Presenilin (PS) heterodimer, Nicastrin (NCT), Anterior pharynx-defective 1 (APH-1) and Presenilin enhancer-2 (PEN-2) are vital assemblies for the activity of GS, although the structure of human GS has been reported, there is an urgent to better understand the relationships of the structure and function of GS in order to elucidate the disease mechanism and develop effective AD therapies.
GSI is also applied in the intramembrane proteolysis of Notch to block the normal signaling, and it leads to the non-selectivity of GSI, which could be seen as the most serious barrier for the discovery of selective GSI.
A large number of GSIs from peptide to non-peptide are disclosed, providing various lead compounds for designing and optimizing for targeting GS, but most GSIs are troubled with some problems, no sufficient potency, low brain penetration and poor selectivity.

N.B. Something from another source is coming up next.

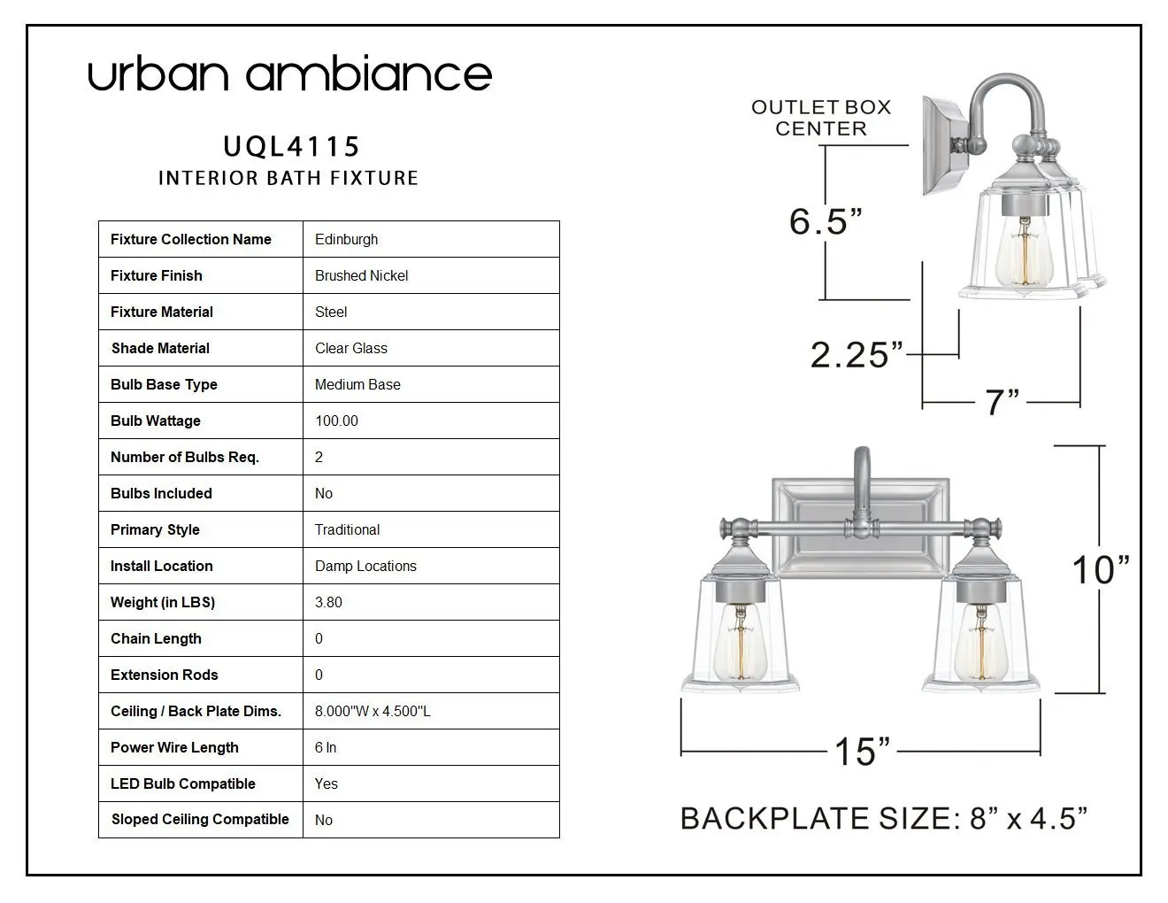 ·CEILING OR WALL PLATE DIMS: 8"W x 4.5"L

Although all clinical trials for treating AD with GSIs have failed to date,GSIs also can become the promising compounds in clinical trials for AD if the bioequivalence, pharmacokinetic and selectivity can be improved.
In terms of the patents, new indications and dosing regimens in a trial recently attract the attentions of researchers with the aim to expand the range of clinical application and improve the results of clinical trials.
This box summarizes key points contained in the article.
Declaration of interest
The authors have no other relevant affiliations or financial involvement with any organization or entity with a financial interest in or financial conflict with the subject matter or materials discussed in the manuscript apart from those disclosed.